Remember the time when as kids we used to throw stones in the water and just watch it ripple. There was no rush to go anywhere. While I am not suggesting that we pull our kids out of all the activities that they are participating in, I am recommending that we find a time to take a pause and not plan everything from one moment to another.
The act of taking a pause and repeating in your head what you have just learnt is otherwise known as reflecting. It is in reflecting that our brain learns and absorbs any material that we have been exposed to. This is an extremely critical part of the learning process. Taking a pause is not just about taking a break from the busy schedule. It is also about giving your children the time to absorb and think.
Practicing the pause while having conversations with young kids is an essential lesson in teaching our kids the art of listening.
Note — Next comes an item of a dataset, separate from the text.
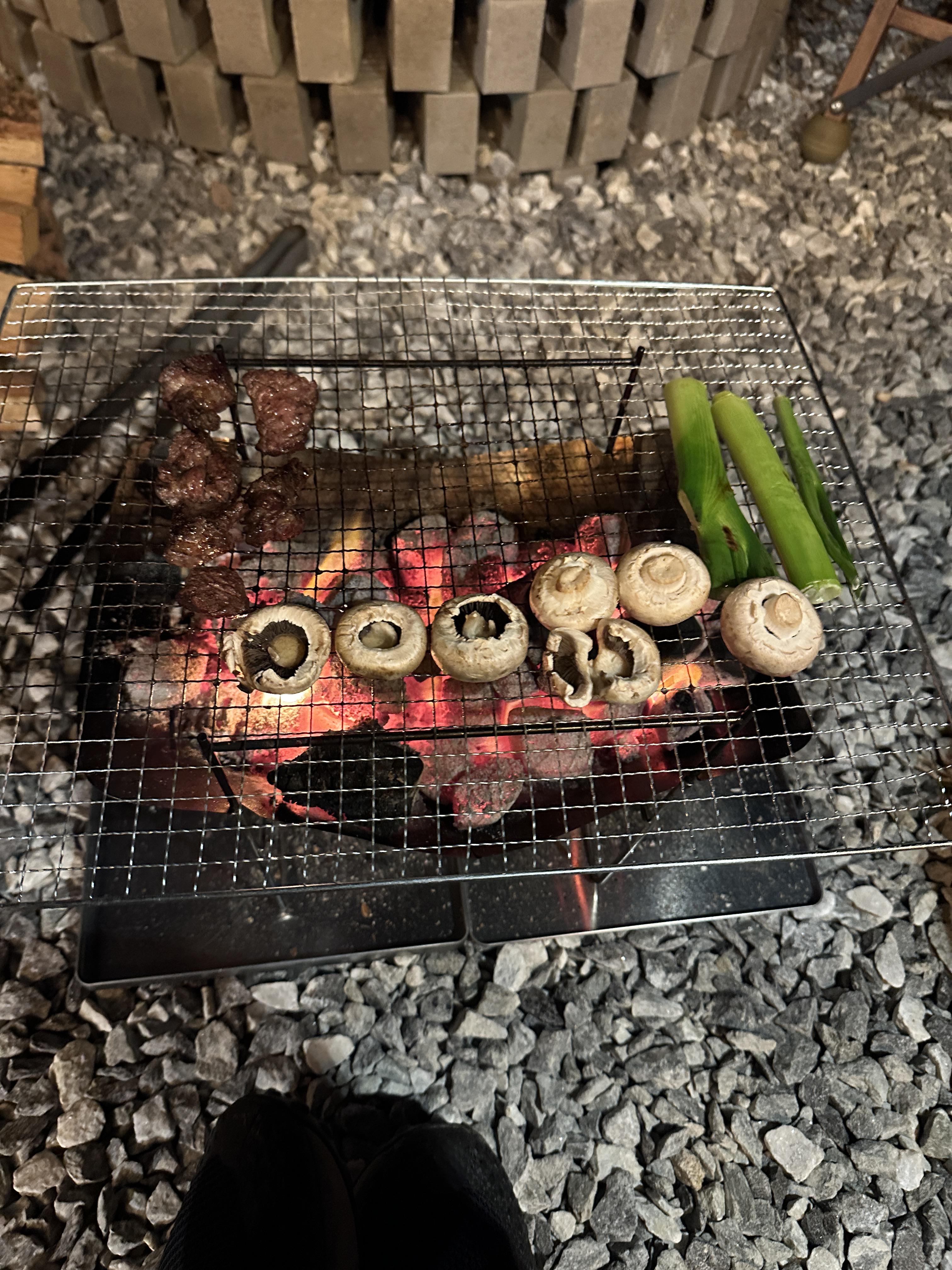 날씨가 추워도 좋고 작은 화로에 고기도 먹고 술도 한잔하는 시간을 보내니 이게 내시간인지 네시간인지
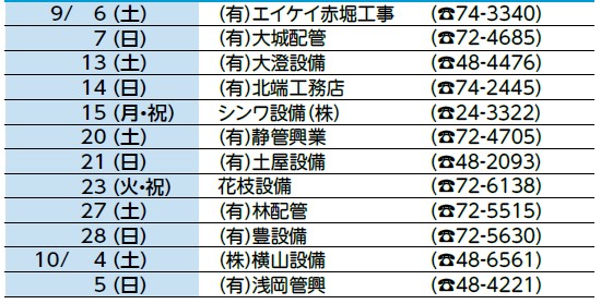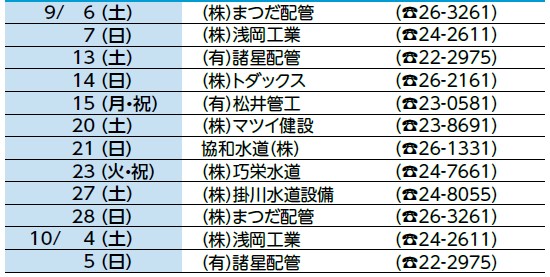 くらし 宅地内の水道修理の連絡先(土・日・祝日)9/6~10/5 20/35 前の記事 次の記事 発行日 : 2025年09月01日 自治体名 : 静岡県掛川市 広報紙名 : 広報かけがわ 令和7年9月1日号 ※宅地内の水道修理は有料です。 ■北部(掛川区域) ■南部(大東・大須賀区域) 問合せ:水道課 【電話】21-1717 Tweet シェアする 風水害・地震・津波対策寄附金 多くのご支援 ありがとうございます 平日夜間・休日の救急診療はまず小笠掛川急患診療所

Remember that when we are pausing, we are telling our kids that they have our undivided attention and that we are open to hearing anything else that they have to say. Educators call this the ‘wait time’. Studies have shown that when students are allowed the wait-time after having asked a question, they give higher quality responses because by forcing them to take a moment we allow them to process their thinking and deliver well-thought out answers. By giving them this pausing time, we give them a voice.
As parents one of our consistent worries is how to reduce our children’s time with their devices. While the key to managing healthy screentime is more about how kids are using their screentime vs how much time they are spending, practicing pause while interacting with digital devices is an effective way to develop healthy screentime habits.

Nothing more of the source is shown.